Start of Records

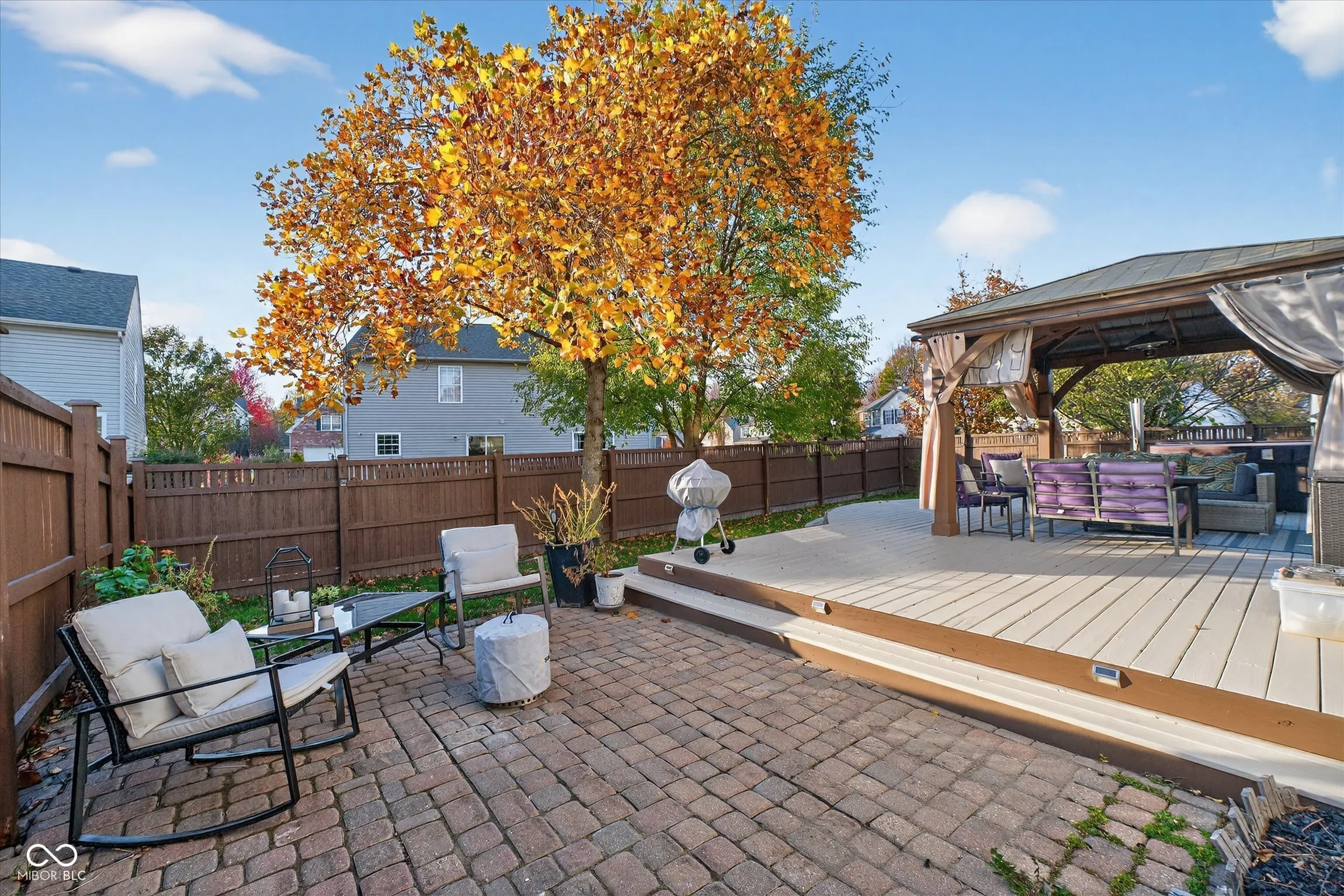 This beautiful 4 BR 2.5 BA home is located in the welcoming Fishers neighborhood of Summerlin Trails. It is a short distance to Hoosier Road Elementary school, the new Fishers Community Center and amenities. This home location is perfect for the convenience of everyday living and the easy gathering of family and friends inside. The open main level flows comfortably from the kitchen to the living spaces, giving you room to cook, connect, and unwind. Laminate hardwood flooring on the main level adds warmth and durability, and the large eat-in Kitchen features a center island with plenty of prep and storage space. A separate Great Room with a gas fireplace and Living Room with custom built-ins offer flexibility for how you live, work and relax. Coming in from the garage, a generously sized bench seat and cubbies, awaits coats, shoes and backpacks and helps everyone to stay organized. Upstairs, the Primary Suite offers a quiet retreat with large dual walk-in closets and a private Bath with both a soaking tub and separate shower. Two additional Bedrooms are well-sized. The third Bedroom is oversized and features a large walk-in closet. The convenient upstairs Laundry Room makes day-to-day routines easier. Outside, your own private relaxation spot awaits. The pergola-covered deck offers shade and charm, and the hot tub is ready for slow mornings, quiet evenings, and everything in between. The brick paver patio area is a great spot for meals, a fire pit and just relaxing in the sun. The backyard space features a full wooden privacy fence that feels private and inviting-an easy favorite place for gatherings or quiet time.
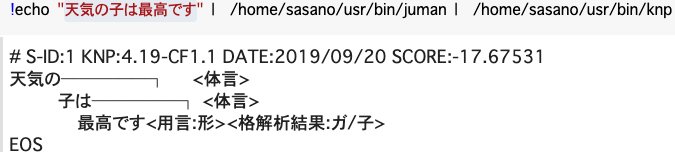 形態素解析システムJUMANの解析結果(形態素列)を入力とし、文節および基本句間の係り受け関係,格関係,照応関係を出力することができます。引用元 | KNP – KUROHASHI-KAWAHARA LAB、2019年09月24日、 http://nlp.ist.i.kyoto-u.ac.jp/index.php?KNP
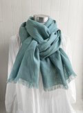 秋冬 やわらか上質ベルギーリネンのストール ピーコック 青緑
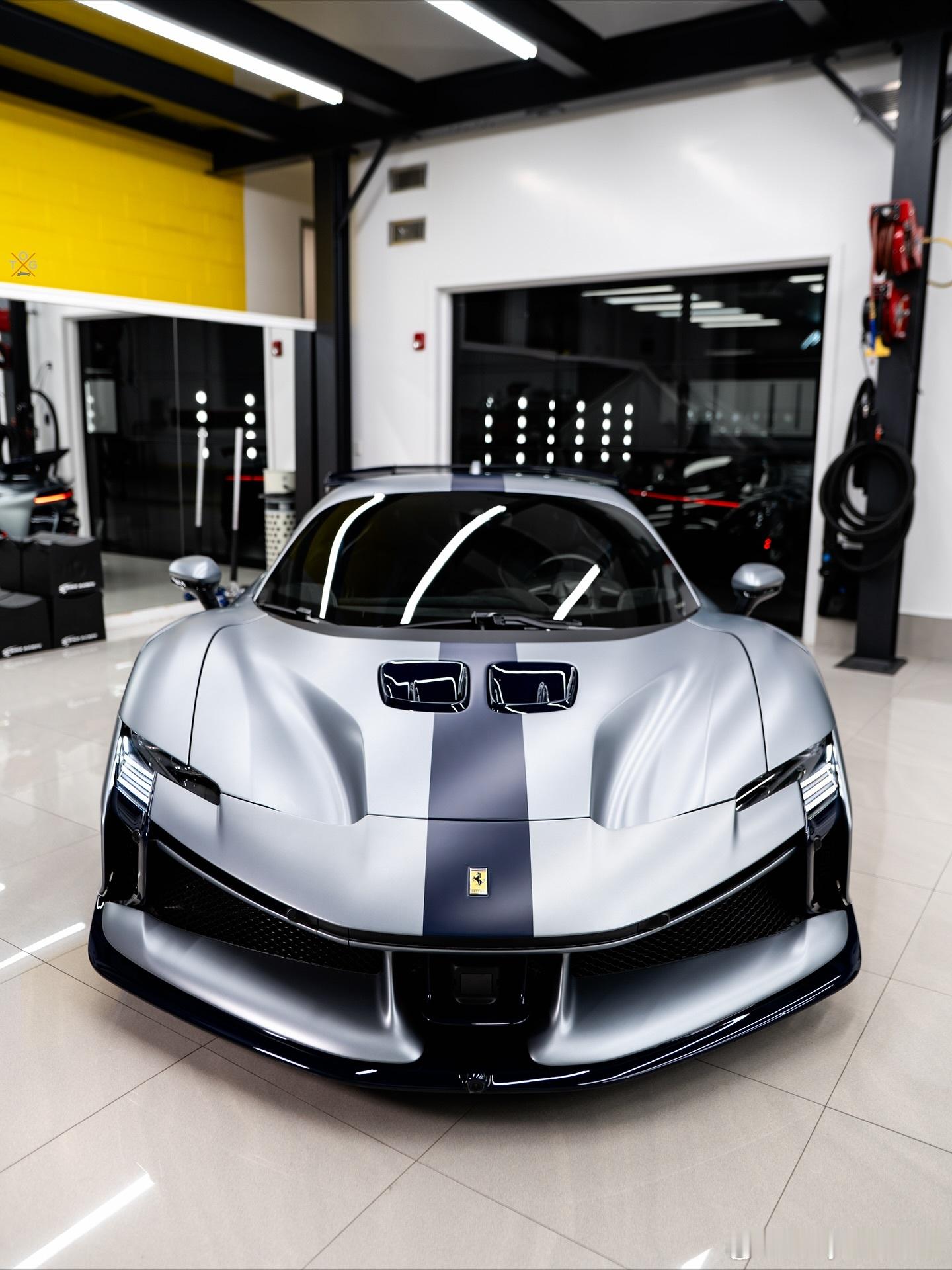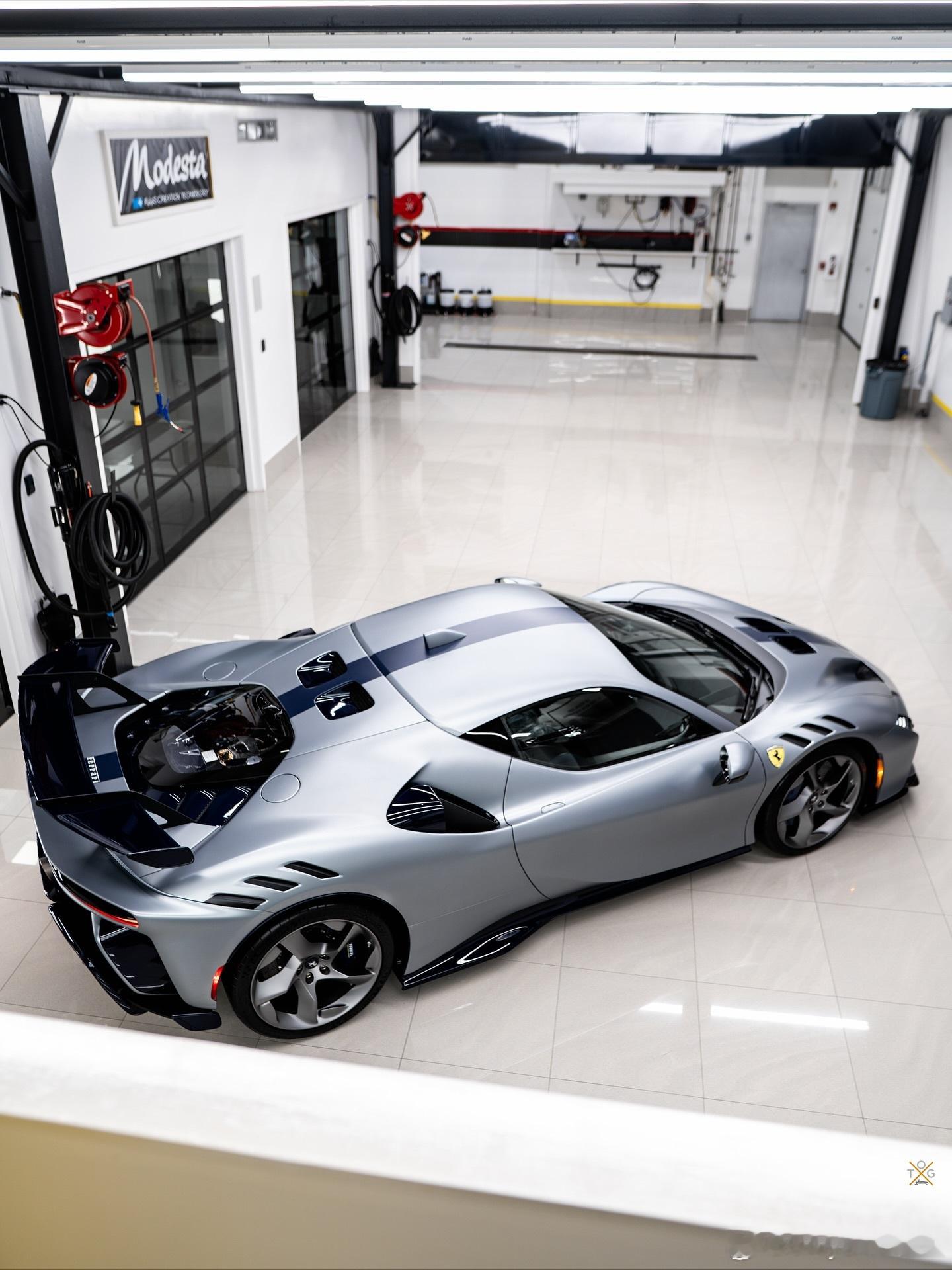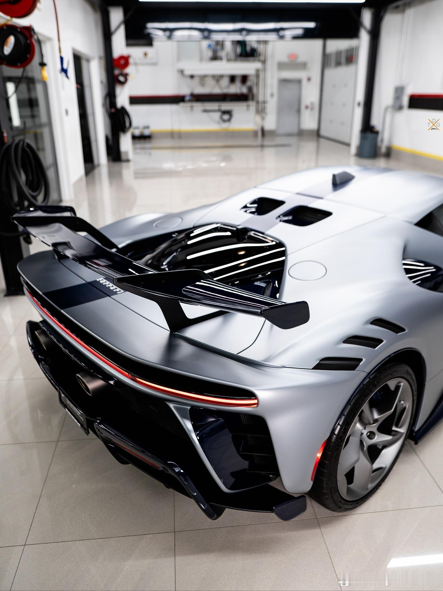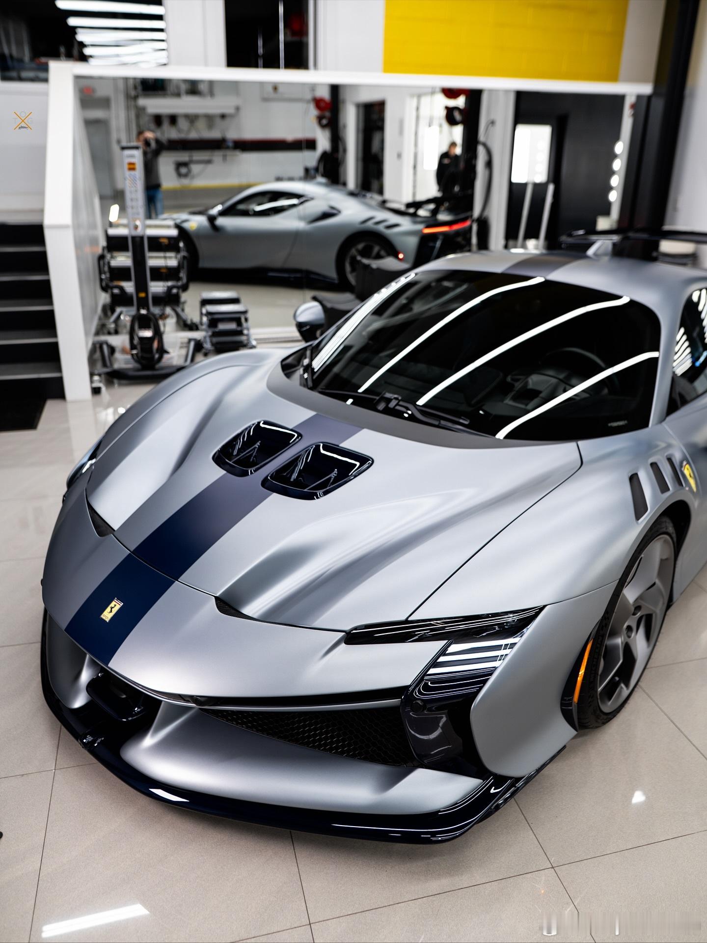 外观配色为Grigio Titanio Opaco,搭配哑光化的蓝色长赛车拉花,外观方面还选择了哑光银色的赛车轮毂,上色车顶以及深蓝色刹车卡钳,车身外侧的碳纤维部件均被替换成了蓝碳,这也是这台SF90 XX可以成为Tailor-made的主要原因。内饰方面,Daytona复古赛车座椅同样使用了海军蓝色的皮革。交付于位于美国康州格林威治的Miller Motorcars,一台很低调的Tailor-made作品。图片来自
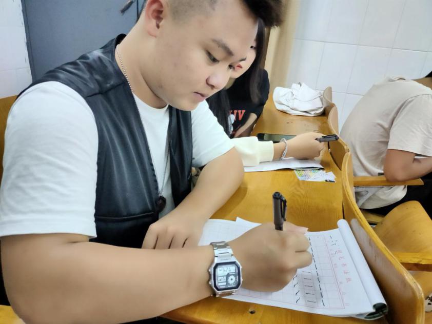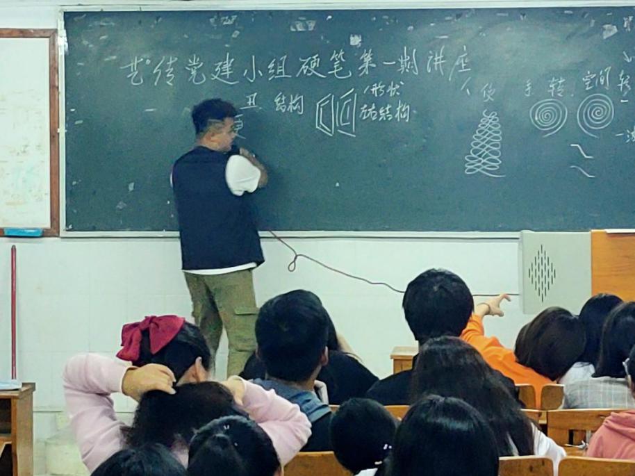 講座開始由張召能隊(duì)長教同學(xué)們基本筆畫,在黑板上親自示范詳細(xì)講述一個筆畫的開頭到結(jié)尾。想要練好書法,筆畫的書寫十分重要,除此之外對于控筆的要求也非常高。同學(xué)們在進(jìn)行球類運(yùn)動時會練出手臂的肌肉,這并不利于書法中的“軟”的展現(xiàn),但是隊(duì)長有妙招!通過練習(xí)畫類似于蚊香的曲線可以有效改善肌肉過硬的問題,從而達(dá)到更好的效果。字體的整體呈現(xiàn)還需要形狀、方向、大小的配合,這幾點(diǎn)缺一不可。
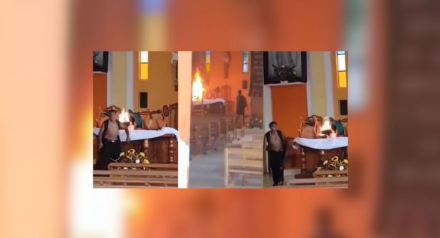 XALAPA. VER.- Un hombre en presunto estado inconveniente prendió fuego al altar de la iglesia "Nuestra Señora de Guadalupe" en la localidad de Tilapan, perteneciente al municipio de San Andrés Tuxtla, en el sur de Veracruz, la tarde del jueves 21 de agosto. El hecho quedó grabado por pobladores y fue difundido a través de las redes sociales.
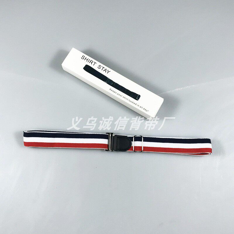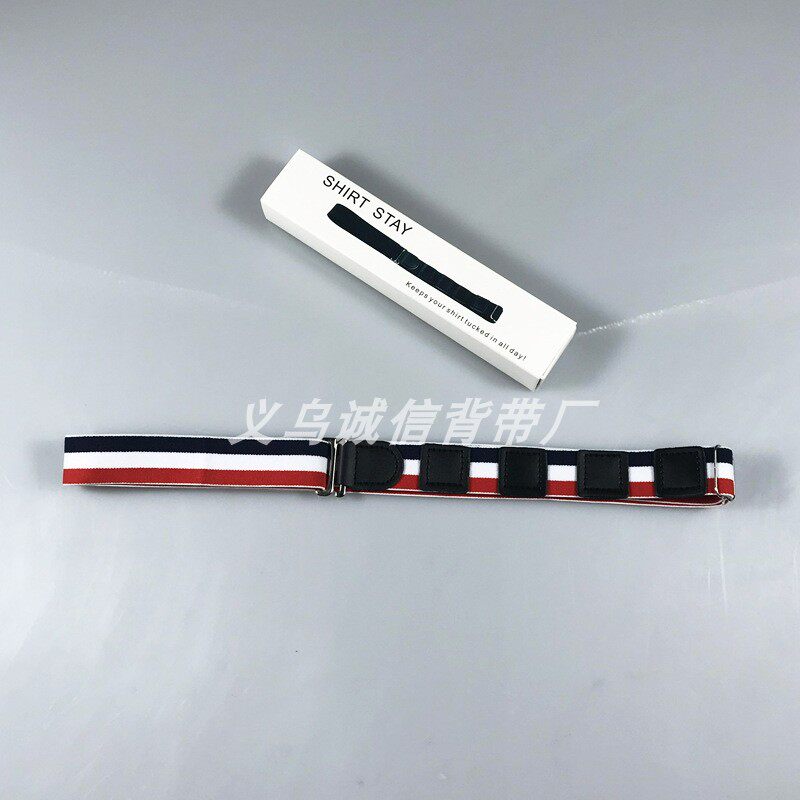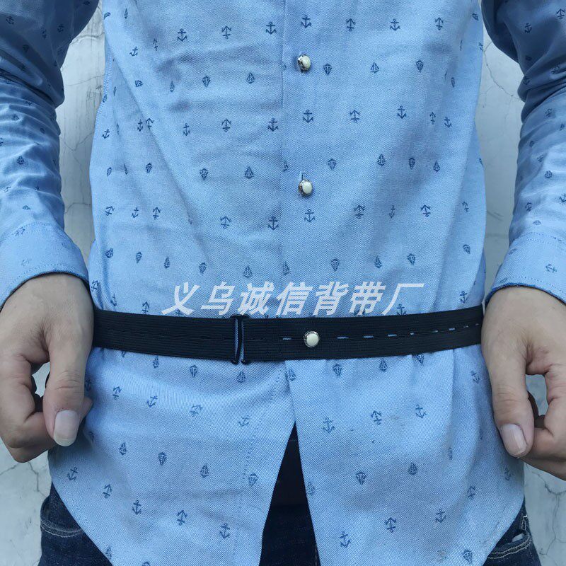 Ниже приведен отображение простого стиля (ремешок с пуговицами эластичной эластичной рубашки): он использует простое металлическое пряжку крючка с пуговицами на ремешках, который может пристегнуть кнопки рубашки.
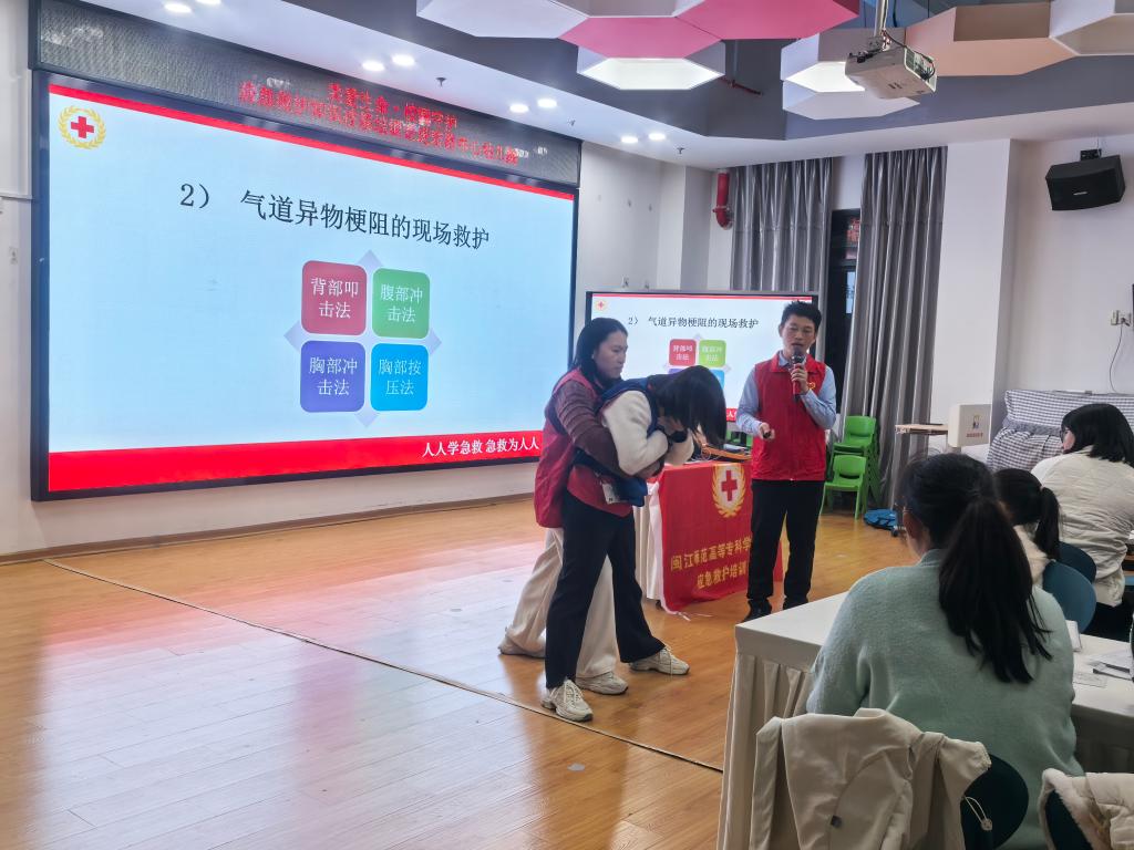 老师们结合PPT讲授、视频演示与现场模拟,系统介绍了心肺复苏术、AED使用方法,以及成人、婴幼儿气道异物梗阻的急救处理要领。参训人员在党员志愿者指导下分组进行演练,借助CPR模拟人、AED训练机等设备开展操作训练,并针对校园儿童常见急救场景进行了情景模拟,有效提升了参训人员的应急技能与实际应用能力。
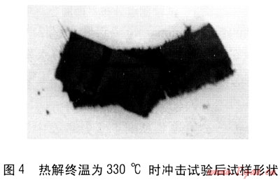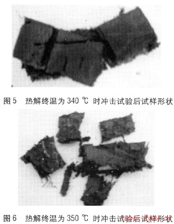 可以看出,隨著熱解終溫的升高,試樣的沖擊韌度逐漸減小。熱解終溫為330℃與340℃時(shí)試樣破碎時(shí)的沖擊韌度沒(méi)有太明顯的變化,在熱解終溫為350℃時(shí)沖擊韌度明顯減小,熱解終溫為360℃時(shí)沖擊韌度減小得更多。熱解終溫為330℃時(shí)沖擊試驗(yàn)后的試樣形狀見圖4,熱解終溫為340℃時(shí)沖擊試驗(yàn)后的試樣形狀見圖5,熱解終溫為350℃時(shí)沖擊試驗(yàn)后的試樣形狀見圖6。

End of Records

- **Aim of the task**
Exclude the pictures, then write out every record exactly as it stands.

- **The answer**
 This beautiful 4 BR 2.5 BA home is located in the welcoming Fishers neighborhood of Summerlin Trails. It is a short distance to Hoosier Road Elementary school, the new Fishers Community Center and amenities. This home location is perfect for the convenience of everyday living and the easy gathering of family and friends inside. The open main level flows comfortably from the kitchen to the living spaces, giving you room to cook, connect, and unwind. Laminate hardwood flooring on the main level adds warmth and durability, and the large eat-in Kitchen features a center island with plenty of prep and storage space. A separate Great Room with a gas fireplace and Living Room with custom built-ins offer flexibility for how you live, work and relax. Coming in from the garage, a generously sized bench seat and cubbies, awaits coats, shoes and backpacks and helps everyone to stay organized. Upstairs, the Primary Suite offers a quiet retreat with large dual walk-in closets and a private Bath with both a soaking tub and separate shower. Two additional Bedrooms are well-sized. The third Bedroom is oversized and features a large walk-in closet. The convenient upstairs Laundry Room makes day-to-day routines easier. Outside, your own private relaxation spot awaits. The pergola-covered deck offers shade and charm, and the hot tub is ready for slow mornings, quiet evenings, and everything in between. The brick paver patio area is a great spot for meals, a fire pit and just relaxing in the sun. The backyard space features a full wooden privacy fence that feels private and inviting-an easy favorite place for gatherings or quiet time.
 形態素解析システムJUMANの解析結果(形態素列)を入力とし、文節および基本句間の係り受け関係,格関係,照応関係を出力することができます。引用元 | KNP – KUROHASHI-KAWAHARA LAB、2019年09月24日、 http://nlp.ist.i.kyoto-u.ac.jp/index.php?KNP
 秋冬 やわらか上質ベルギーリネンのストール ピーコック 青緑
 外观配色为Grigio Titanio Opaco,搭配哑光化的蓝色长赛车拉花,外观方面还选择了哑光银色的赛车轮毂,上色车顶以及深蓝色刹车卡钳,车身外侧的碳纤维部件均被替换成了蓝碳,这也是这台SF90 XX可以成为Tailor-made的主要原因。内饰方面,Daytona复古赛车座椅同样使用了海军蓝色的皮革。交付于位于美国康州格林威治的Miller Motorcars,一台很低调的Tailor-made作品。图片来自
 講座開始由張召能隊(duì)長教同學(xué)們基本筆畫,在黑板上親自示范詳細(xì)講述一個筆畫的開頭到結(jié)尾。想要練好書法,筆畫的書寫十分重要,除此之外對于控筆的要求也非常高。同學(xué)們在進(jìn)行球類運(yùn)動時會練出手臂的肌肉,這并不利于書法中的“軟”的展現(xiàn),但是隊(duì)長有妙招!通過練習(xí)畫類似于蚊香的曲線可以有效改善肌肉過硬的問題,從而達(dá)到更好的效果。字體的整體呈現(xiàn)還需要形狀、方向、大小的配合,這幾點(diǎn)缺一不可。
 XALAPA. VER.- Un hombre en presunto estado inconveniente prendió fuego al altar de la iglesia "Nuestra Señora de Guadalupe" en la localidad de Tilapan, perteneciente al municipio de San Andrés Tuxtla, en el sur de Veracruz, la tarde del jueves 21 de agosto. El hecho quedó grabado por pobladores y fue difundido a través de las redes sociales.
 Ниже приведен отображение простого стиля (ремешок с пуговицами эластичной эластичной рубашки): он использует простое металлическое пряжку крючка с пуговицами на ремешках, который может пристегнуть кнопки рубашки.
 老师们结合PPT讲授、视频演示与现场模拟,系统介绍了心肺复苏术、AED使用方法,以及成人、婴幼儿气道异物梗阻的急救处理要领。参训人员在党员志愿者指导下分组进行演练,借助CPR模拟人、AED训练机等设备开展操作训练,并针对校园儿童常见急救场景进行了情景模拟,有效提升了参训人员的应急技能与实际应用能力。
 可以看出,隨著熱解終溫的升高,試樣的沖擊韌度逐漸減小。熱解終溫為330℃與340℃時(shí)試樣破碎時(shí)的沖擊韌度沒(méi)有太明顯的變化,在熱解終溫為350℃時(shí)沖擊韌度明顯減小,熱解終溫為360℃時(shí)沖擊韌度減小得更多。熱解終溫為330℃時(shí)沖擊試驗(yàn)后的試樣形狀見圖4,熱解終溫為340℃時(shí)沖擊試驗(yàn)后的試樣形狀見圖5,熱解終溫為350℃時(shí)沖擊試驗(yàn)后的試樣形狀見圖6。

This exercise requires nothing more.